1% is just way to tight and not necessary. Once you go less than 3% is diminishing returns. Using your example 400 at 4.5 amps requires 10 AWG and gives you 2.9% loss at full power, vs 4 AWG at 0.98% loss. 600 feet of 10 AWG will cost you around $120, and 4 AWG is around $500.

Another mistake is assuming you will see and experience 4.5 amps, because you never will. At very best you might see 3.9 amps for a few minutes around solar noon. If you were to watch and log current for a whole day you would see something like this. When morning sun falls on the panels you would see around 0.2 amps. As the sun gets higher in the sky say around 10:00 pm you might see 2 amps. Current will continue to rise slowly as noon approaches and peaks at solar noon. Then a few minutes later the current starts to taper off and the process reverses itself.

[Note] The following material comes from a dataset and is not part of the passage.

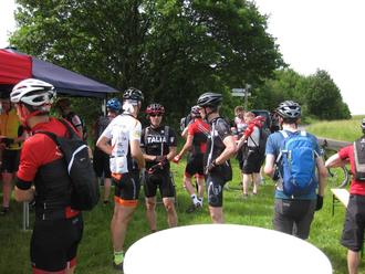 Den ganzen Tag über sind Kontrollfahrer des RSC Blitz (gut erkennbar am knallgelbroten „Biene Maja“-Trikot) auf der Strecke unterwegs, schauen nach dem Rechten und helfen bei Pannen. Mehr als 200 Liter isotonische Getränke, kistenweise Bananen und Waffeln werden an diesem Tag ausgegeben. Aus Umweltgründen verzichtet der Blitz an den Verpflegungsstellen (und im Ziel sowieso) auf Plastikbecher – deshalb sollte alle Teilnehmer Radflaschen bereithalten.

Your take away is as current less than 4.5 amps will be more efficient as current is a direct contributor with a weight of 50%. The other half is the voltage. So at say 2 amps on 10 AWG has a loss of 1.4%.

If you fail to understand that and use unrealistic maximum currents that only last a few minutes, is going to end up costing you big money. By using 4 AWG is costing you 4 times more than 10 AWG, and not buying you anything meaningful. It will work, but expensive. You crossed the line of diminishing returns.

That makes complete sense, thanks. So is the choice of voltage also one of economics? For instance a controller that can handle 400v might be much more expensive than one that can handle 200 but with 200v I'm paying more for wire.

You are welcome.

You are on the right track. Basically the higher the voltage is, the more efficient and at less cost. That is exactly why utilities run high voltages.